Но ведь она будто всерьёз его жалела? Может, заплутала, с дороги сбилась, ищет его… Надо бы подождать ещё. Не её ли шаги слышны?.. Он подождёт…
Приходит лесной хозяин, смотрит и головой качает. Садится неподалёку, плетёт лапоть, и в это время ни зверь, ни птица не смеют тронуть волка. Леший не зол и не добр, он видит одну жизнь, общую, ту, что повсюду — один побег засохнет, другой проклюнется, — но это уж больно любопытный побег, упорный. Вот леший и смотрит, что будет.
Приходит уже и другая ночь, а девки всё нет. Обманула.
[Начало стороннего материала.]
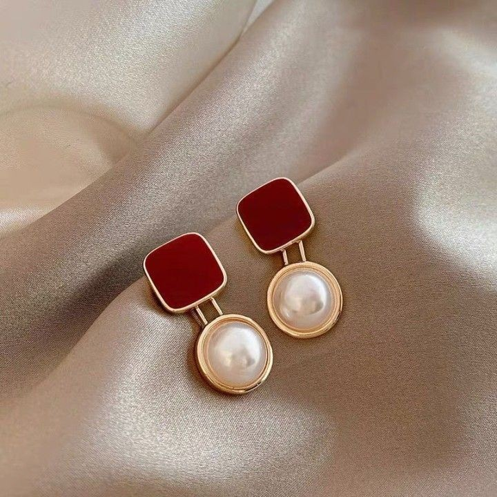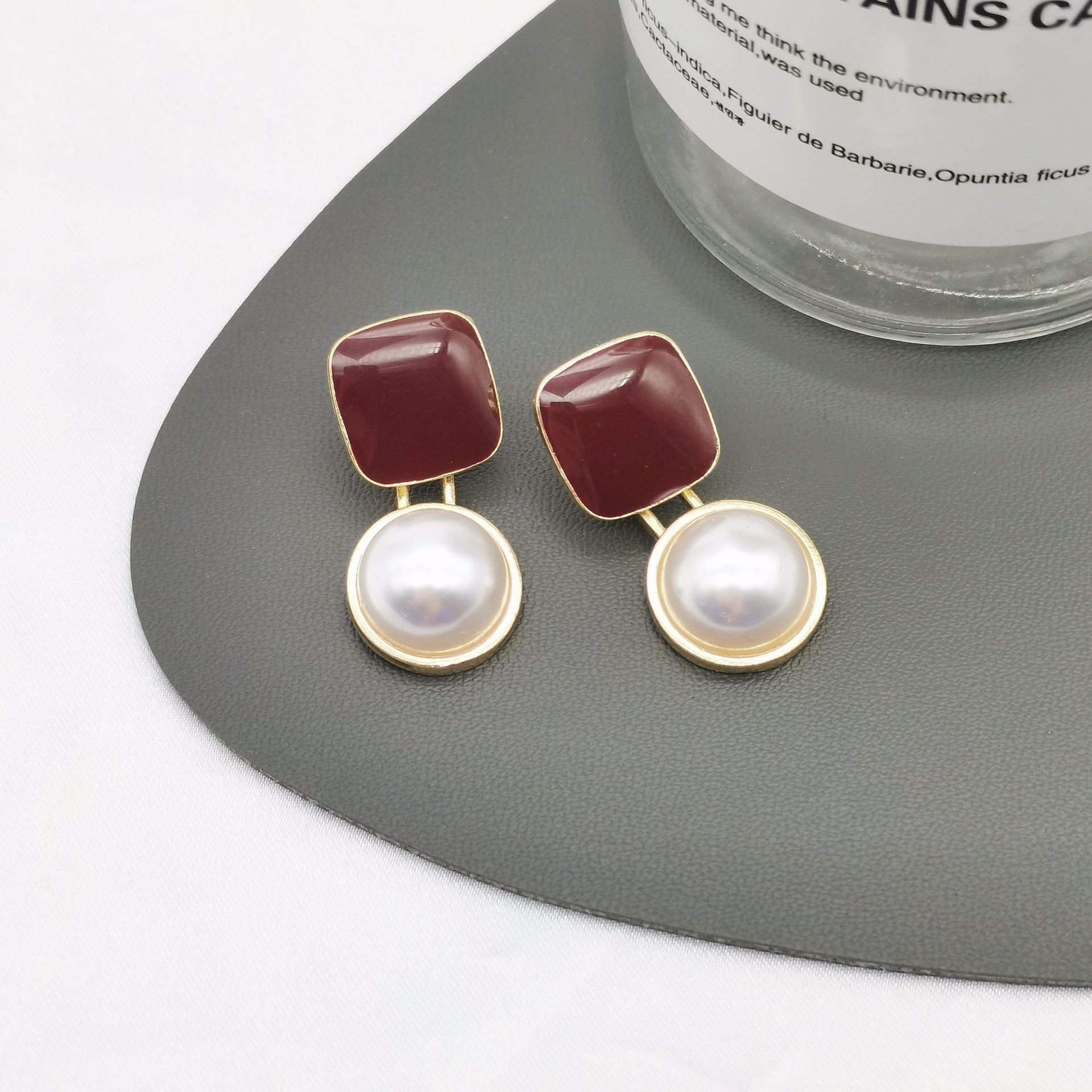 Red Blue Blocks Pearl Stud Earrings Ins French Simplicity
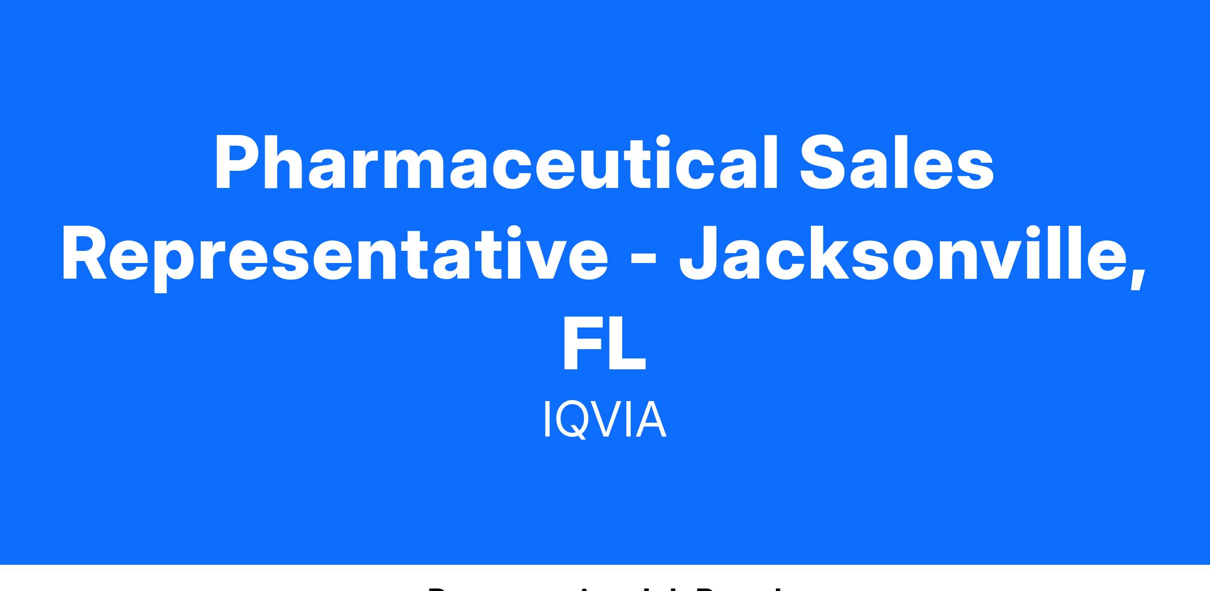 Pharmaceutical Sales Representative - Jacksonville, FL
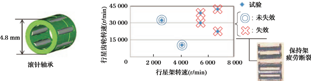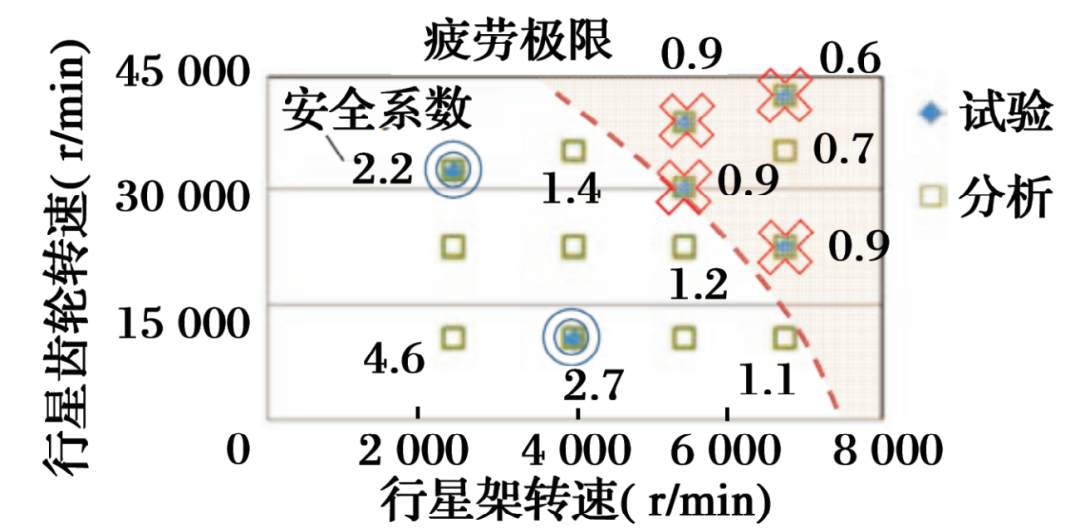 保持架在行星齒輪和行星架的轉(zhuǎn)速下斷裂的試驗(yàn)結(jié)果如圖11所示。行星齒輪耐久性試驗(yàn)證實(shí)在行星齒輪和行星架的高速旋轉(zhuǎn)過(guò)程中,滾針軸承發(fā)生保持架疲勞斷裂。接下來(lái),使用S.S.A.P./MBD,除了采用與行星齒輪耐久性試驗(yàn)相同的條件外,采用條件限制參數(shù)進(jìn)行仿真,并對(duì)保持架的接觸載荷和產(chǎn)生的應(yīng)力進(jìn)行了分析。最終計(jì)算出目標(biāo)保持架相對(duì)于疲勞極限的安全系數(shù),計(jì)算結(jié)果如圖12所示,通過(guò)分析得到的保持架疲勞斷裂趨勢(shì)與實(shí)測(cè)結(jié)果一致。
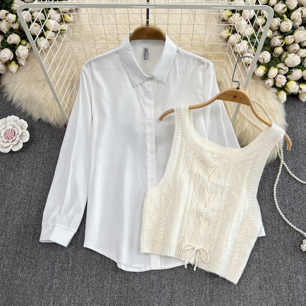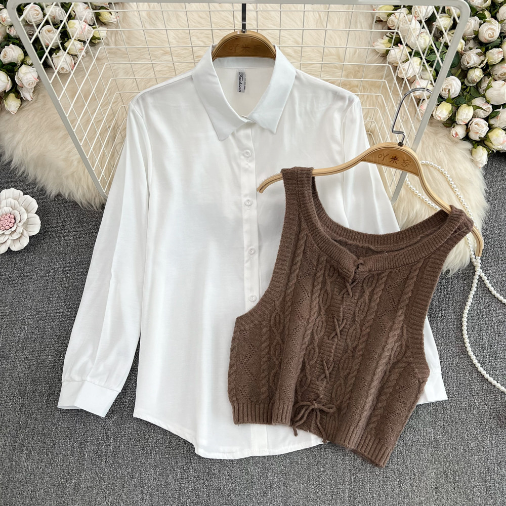 Осенний брендовый милый трикотажный жилет с косичкой без рукавов, комплект, лонгслив, рубашка, в корейском стиле, свободный крой, оверсайз
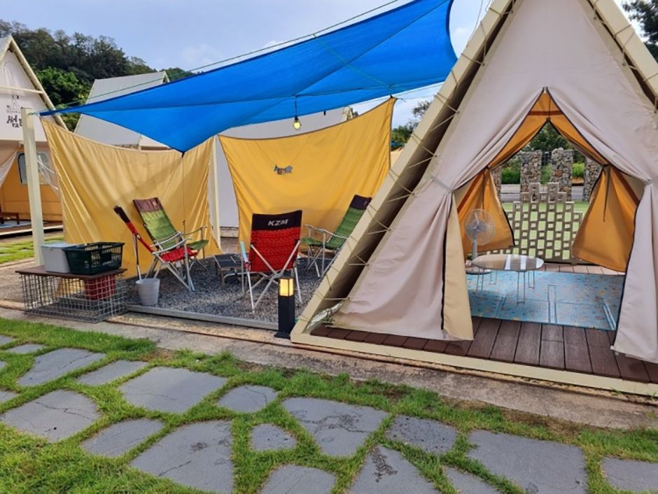 구화산BBQ는 경북 김천시 교동에 자리 잡았다. 김천시청을 기점으로 4km가량 떨어졌다. 자동차를 타고 부거리길과 구읍길을 번갈아 달리면 닿는다. 도착까지 걸리는 시간은 10분 안팎이다. 도심과 가까운 숲속에 위치한 캠핑 바비큐장이다. 이곳에는 글램핑 형태의 텐트, 테이블, 캠핑의자, 취사도구 등이 갖춰진 15면의 사이트가 마련돼 있다. 매점에서 육류 등 먹을거리를 구입해 직접 구워먹으면 된다. 수영장 등의 부대시설도 완비돼 있어 여름철 물놀이를 즐기기 좋다. 주변에는 직지사가 있어 연계 여행이 손쉽다.
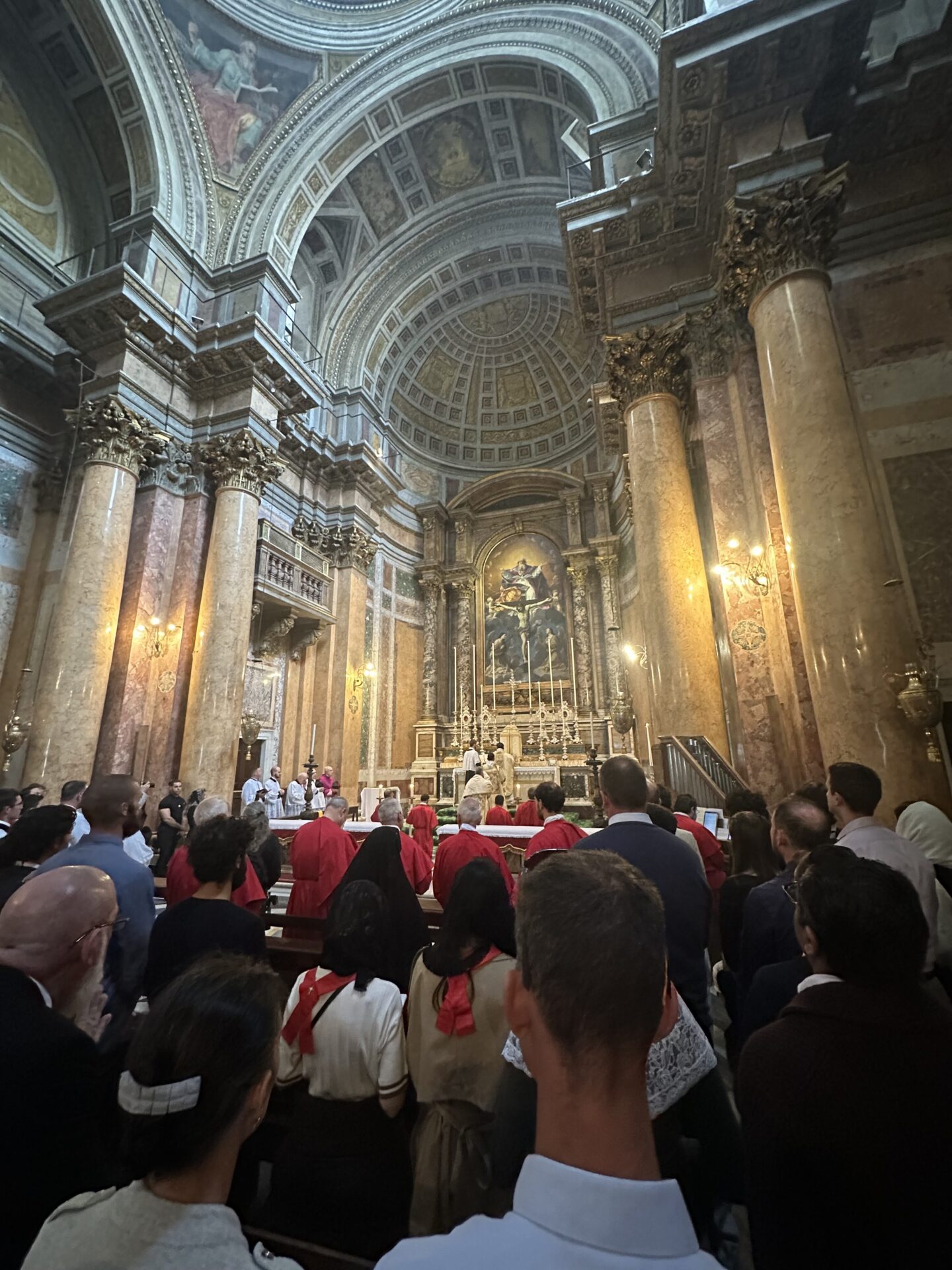 Il y avait du monde à la messe de clôture du Pèlerinage Ad Petri Sedem célébrée à la Santissima Trinità dei Pellegrini ce dimanche à onze heures. La cérémonie a duré plus d’une heure et demi. La messe était dite par l’abbé Brice Meissonnier de la Fraternité Saint-Pierre qui est le recteur de cette église romaine. Un message, lu notamment par l’abbé Barthe, a rappelé la confiance qui sied dans l’attachement à la messe traditionnelle.
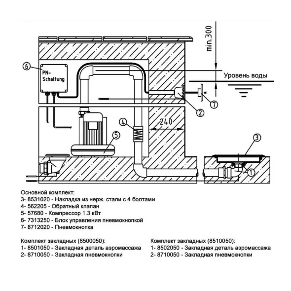 Насосный комплект аэромассажа Fitstar 1,1 кВт 8530020 для круглого воздушного гейзера FitStar. Подходит к плиточным или пленочным бассейнам. Включает в себя компрессор, обратный клапан, аэромассажное плато из нержавеющей стали AISI-316L, пневмокнопку, пневмоблок.
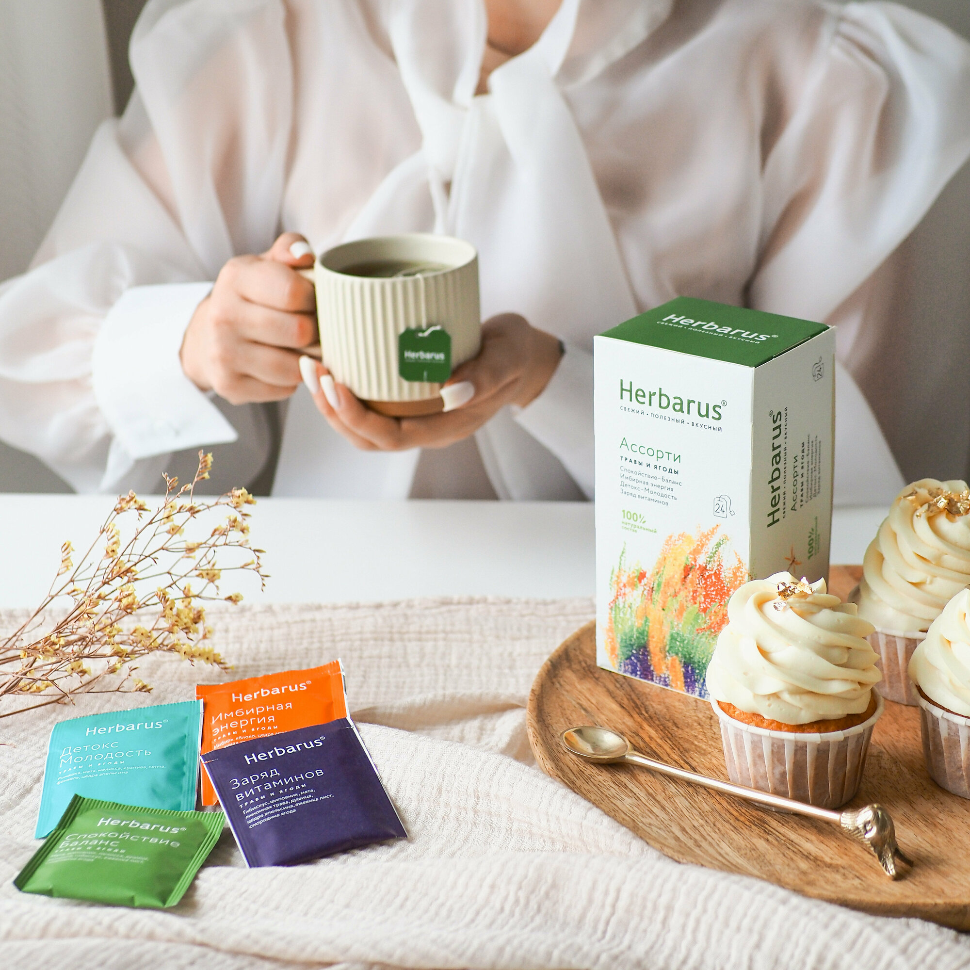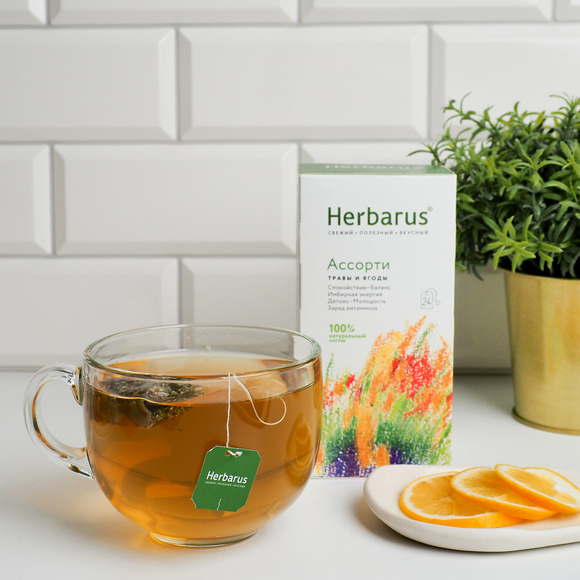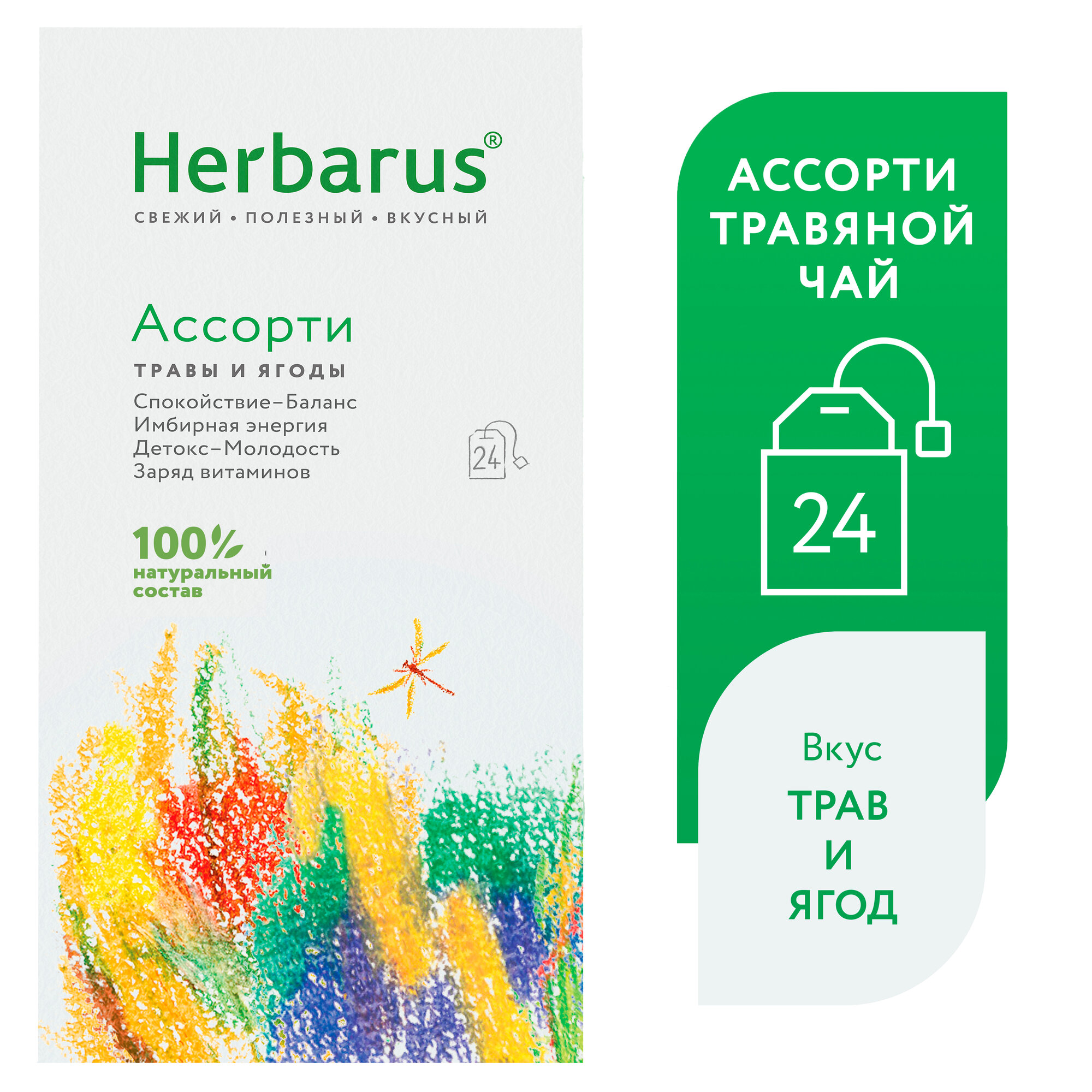 Яркий неповторимый вкус и только натуральные ингредиенты – перед вами чай и чайные напитки HERBARUS.● Полезный, без ароматизаторов и заменителей вкуса В напитках HERBARUS – только натуральные ингредиенты, тщательно сбалансированные титестерами. Оригинальные композиции созданы на основе чая, трав, ягод и фруктов. Их полезные свойства дополняют друг друга – чтобы вы могли пить чай в течение всего дня. Сколько хотите.● Вкусный Благодаря оригинальной рецептуре наши напитки обладают ярким и неповторимым вкусом. Даже композиции из привычных ингредиентов способны вас удивить. ● Свежий Чай должен быть свежим. Только в этом случае он будет по-настоящему вкусным и ароматным. Набор популярных вкусов в одной упаковке "Ассорти" - позволит познакомиться с неповторимыми купажами!Травяной чай в пакетиках "Спокойствие Баланс", 6 пак.Благородное освежающее сочетание трав и ягод на основе композиции из мяты, шиповника и мелиссы с богатым послевкусием. Травы, входящие в купаж, обладают умеренно успокаивающим действием, благотворно влияющим на нервную систему. Созданный на основе полезных трав, купаж этого чая станет вашим любимым!Травяной чай с Ромашкой и Мятой в пакетиках "Детокс Молодость", 6 пак.Изысканный купаж на основе классического сочетания ромашки и мяты с добавлением ароматных трав. Ингредиенты, входящие в купаж, обладают легким очищающим действием и способствуют ускорению метаболизма. Напиток хорошо сочетается с цветочным мёдом.Травяной чай в пакетиках "Заряд Витаминов", 6 пак.Освежающий, тонизирующий напиток с выраженной кислинкой и цитрусовым оттенком. Богат витаминами, особенно витамином С. Ингредиенты, входящие в купах, обладают легким противопростудным действием. Напиток можно употреблять в горячем и холодном виде.Можно пить в любое время дня. Травяной чай с Имбирём в пакетиках "Имбирная Энергия", 6 пак.Острый, жгучий настой имбиря, усиленный пикантными акцентами специй и цитрусовым вкусом. Согревающий, тонизирующий напиток, обладающий выраженным согревающим действием. Ингредиенты купажа известны противопростудным эффектом. Напиток хорошо сочетается с мёдом и лимоном.
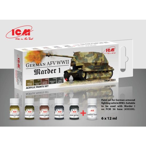 ICM Acrylic paint set for German AFV WW2 (Marder I) 6 x12 ml  (3003)
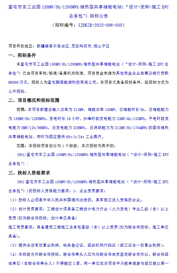中國儲能網(wǎng)訊:6月7日,奎屯鵬煜能源科技有限公司發(fā)布了奎屯市東工業(yè)園150MW/8h/1200MWh儲熱型共享儲能電站(“設計-采購-施工EPC總承包”)招標公告。
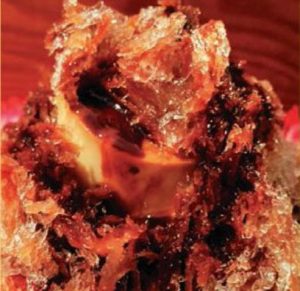 チョコレートシロップがたっぷりかかったかき氷に、カスタードプリンをトッピング♪
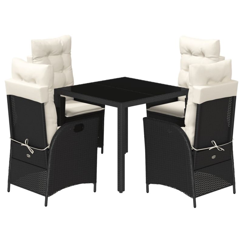 Градински трапезен комплект възглавници 5 части черен полиратан

Горько волку. Будто мало знал боли! Чем заслужил ещё эту, последнюю?
Эта ночь совсем уж чёрная. Разгулялась непогода — видно, кончились тёплые дни. Разбойник-ветер бредёт, лихо посвистывая, срывает последние листья. Хватает дырявые облака, рвёт, те брызжут дождём. Постанывают сосны.
Леший поднялся, потянулся, захохотал, да и ушёл бродить, лес трясти. Слабые деревья нынче сломаются. Волк дрожит. Он тоже совсем ослаб…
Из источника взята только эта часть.